A theory on saved games

I’m slowly investigating the plausibility of an iOS game and don’t want to write a lot of code – any of it, actually. Games are complex beasts and I’m one man. If I start modifying something I risk being unable to patch for iOS 7 related bugs or new screen sizes etc. I want to spend my resources making good content rather than a good engine.

Anyway, as I was looking into paid source for Commander Cool, I was horrified to find
that the .plist used to define the list of levels is also the .plist used to record scores and completeness of the level – which means the .plist is stored in user space rather than the app bundle and can’t be overwritten with an app update. This means that the levels you ship with are all the levels users are ever going to get – unless they’re willing to uninstall the app and thus delete their progress. That’s one hell of a frustrating limitation. I’ve reported it as an enhancement request so hopefully I don’t have to do it myself.

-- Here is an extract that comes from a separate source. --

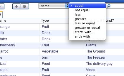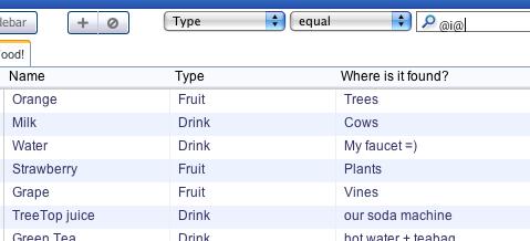 In my example I chose the "Type" field and searched for anything that had the letter "i" in it. You can see my results have been filtered to "Drink" and "Fruit" type entries.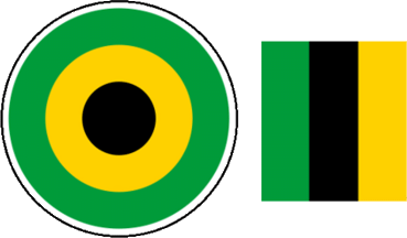 Air Wing of Jamaica Defense Force was formed in 1963. The roundel is "classic" black yellow green. Concering the fin flash I reported in that the fin flash s black-yellow-green, while Željko reported green-black-yellow (source: [cos98]). Checking <www.jdfmil.org> revealed the Željko (and [cos98]) is correct.

This got me thinking about the seeming ubiquity of another quirk with iOS games: none of them save progress on iCloud. The only reason I restore my big iPad from backups is because it contains a lot of saved game data – data which there is no humane way to backup other than a full device backup. At least if it was a Mac game I could backup whatever it puts in my library, but on iOS this is unrealistic. (Also, the Mac version of the Commander Cool engine stores this .plist in your home folder, so an Xcode clean doesn’t remove it, you have to manually remove it).

Since so much game development is done by heavily using entire engines, APIs, or libraries you dare not alter, the saved game problem isn’t likely to get fixed across the board any time soon. Games that use Unreal don’t even touch Xcode at any point and have no hope of gaining this feature. Games that use Cocos2d, however, are done primarily in Xcode and engines built off of it ought to have more support for iOS features beyond gamecenter and iOS 6 share sheets.

Discussions of using App.net, DropBox, or your own synching service are moot if game developers are writing so little of their own code – and I don’t blame them. But someone needs to make a first step.